Finding Solvent-Accessible Amino Acid Mismatches
Solvent-accessible amino acids are amino acids in a protein that
are exposed to the solvent surrounding the protein. These amino acids have a
much higher chance of being recognized by T-cells. Therefore, NetSurfP was used to predict the solvent accessibility for each
amino acid in the donor alleles, and the
solvent-accessible amino acids which also contained amino acid mismatches were stored for peptide analysis.
Generating Donor-Derived Peptide Chains
NetMHCIIpan was used to generate donor-derived peptides that were
15 amino acids in length. The binding affinity and
eluted ligand were found for all generated peptides to find the strongest peptides.
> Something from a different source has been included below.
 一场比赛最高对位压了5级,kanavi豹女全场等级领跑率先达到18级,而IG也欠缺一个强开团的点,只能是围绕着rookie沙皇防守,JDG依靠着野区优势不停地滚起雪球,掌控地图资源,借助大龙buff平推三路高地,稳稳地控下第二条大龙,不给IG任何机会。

The donor alleles were used
for peptide sequence generation, and the molecules were input as the recipient MHC class II molecules.
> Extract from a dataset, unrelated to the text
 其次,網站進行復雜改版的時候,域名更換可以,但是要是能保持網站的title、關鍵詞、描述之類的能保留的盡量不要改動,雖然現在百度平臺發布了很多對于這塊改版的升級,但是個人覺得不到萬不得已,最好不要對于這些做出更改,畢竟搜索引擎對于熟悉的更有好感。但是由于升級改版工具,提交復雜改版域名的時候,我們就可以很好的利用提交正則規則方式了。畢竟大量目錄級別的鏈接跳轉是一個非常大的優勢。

Filtering Peptides With Binding Affinity and Eluted Ligand
The eluted ligand score is the likelihood of a peptide being an
MHC ligand, while binding affinity is the strength of attraction between the peptide and
the molecule (Wongklaew et al., 2024). NetMHCIIpan reports the strongest binding peptide sequences to each MHC class II molecule.
Out of those, the
peptides containing the solvent-accessible amino acid mismatches were stored as the most significant peptides that may cause
rejection.
Machine-Learning Model Training and Testing:
After the model is completed, the HLA-Epi data will be used to create regression
models between the predicted compatibility score and the true compatibility score. The donor and recipient samples be run through the model,
and the predicted scores will be recorded. Then, the true scores of the respective samples will be matched with the predicted score from the
model. Regression models will be made to validate the model’s ability to accurately predict a score for a sample on a scale. The model
will be improved until it reaches an accuracy of at least 70% or greater. If needed, feature selection algorithms such as random forest will
be used to find the most influential HLA alleles, which can improve the accuracy of the regression models.